GMSL is primarily driven by two factors: the thermal expansion of seawater, as the oceans absorb around 90% of the excess heat in the Earth’s climate system; and the increase in global ocean mass, which is mainly caused by the influx of freshwater from melting land ice. Therefore, long-term monitoring of global ocean mass change is essential for understanding present-day GMSL rise.

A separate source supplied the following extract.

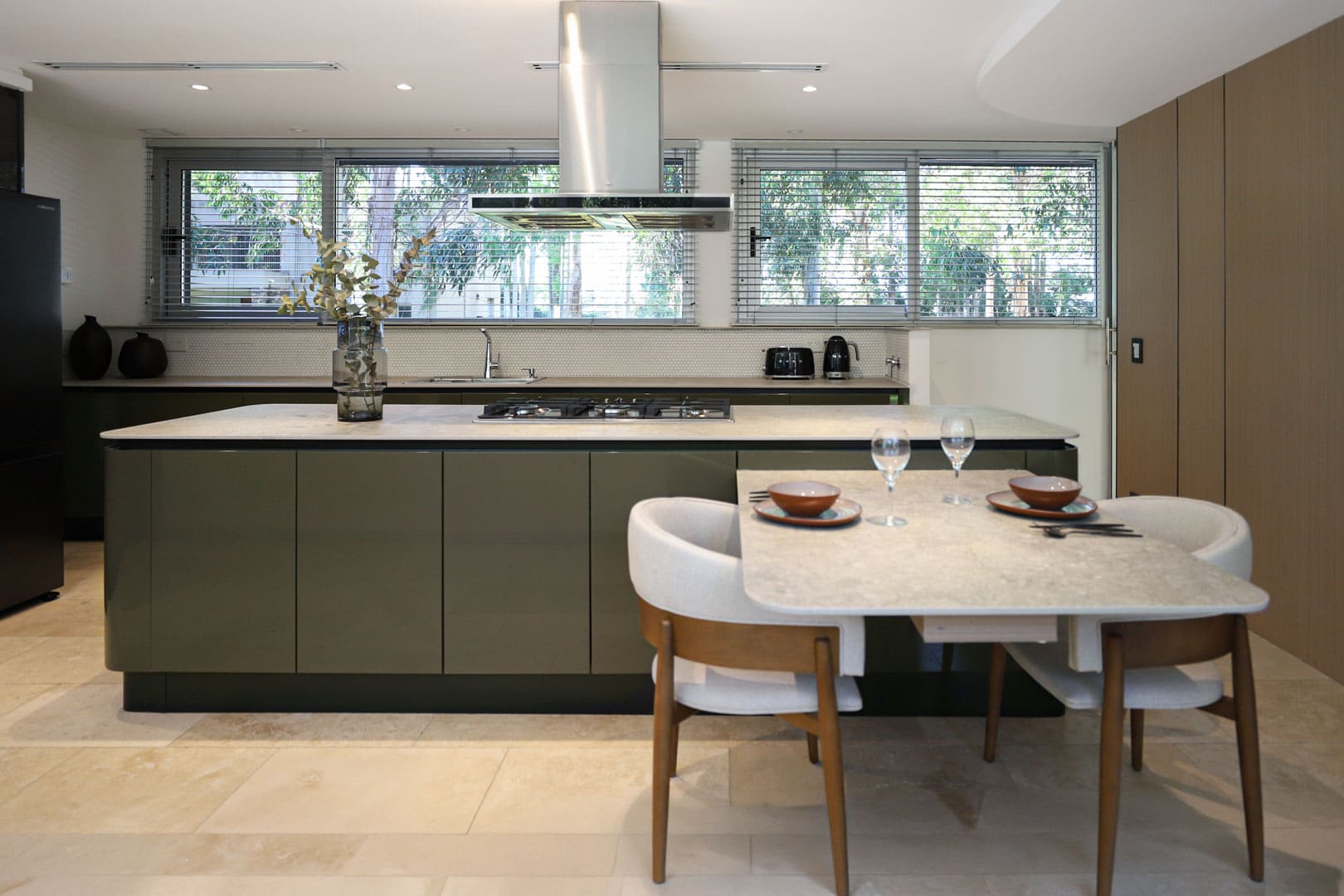 La mesa flotante y la materialidad de la cocina: diseño que convive con la vida real

In the past, scientists have relied on long-term observations from satellite altimetry to monitor sea-level rise. Barystatic sea level records based on satellite gravimetry only became available with the launch of the Gravity Recovery and Climate Experiment in 2002. SLR is a traditional space geodetic technique used to accurately measure the distance between satellites and ground stations via laser ranging. However, fundamental constraints of SLR, such as the limited number of satellites and ground stations, the high altitude of the satellites (which means SLR-derived gravitational changes capture only the longest wavelengths) and the low-degree gravitational measurements, have restricted its direct application in estimating ocean mass change
To effectively utilise SLR-derived gravitational fields for accurate estimates of ocean mass change, the research team implemented an innovative forward modelling technique that tackles spatial resolution limitations by incorporating detailed geographic information of ocean-land boundaries. This approach enables long-term monitoring of global ocean mass changes
The research revealed that an increased rate of GMSL resulted in a global average sea-level rise of approximately 90 mm between 1993 and 2022, with about 60% of this rise attributable to ocean mass increase. Since around 2005, the rise in GMSL has been primarily driven by the rapid increase in global ocean mass. This overall increase is largely driven by the accelerated melting of land ice, particularly in Greenland. Throughout the entire study period, land ice melt from polar ice sheets and mountain glaciers accounted for over 80% of the total increase in global ocean mass.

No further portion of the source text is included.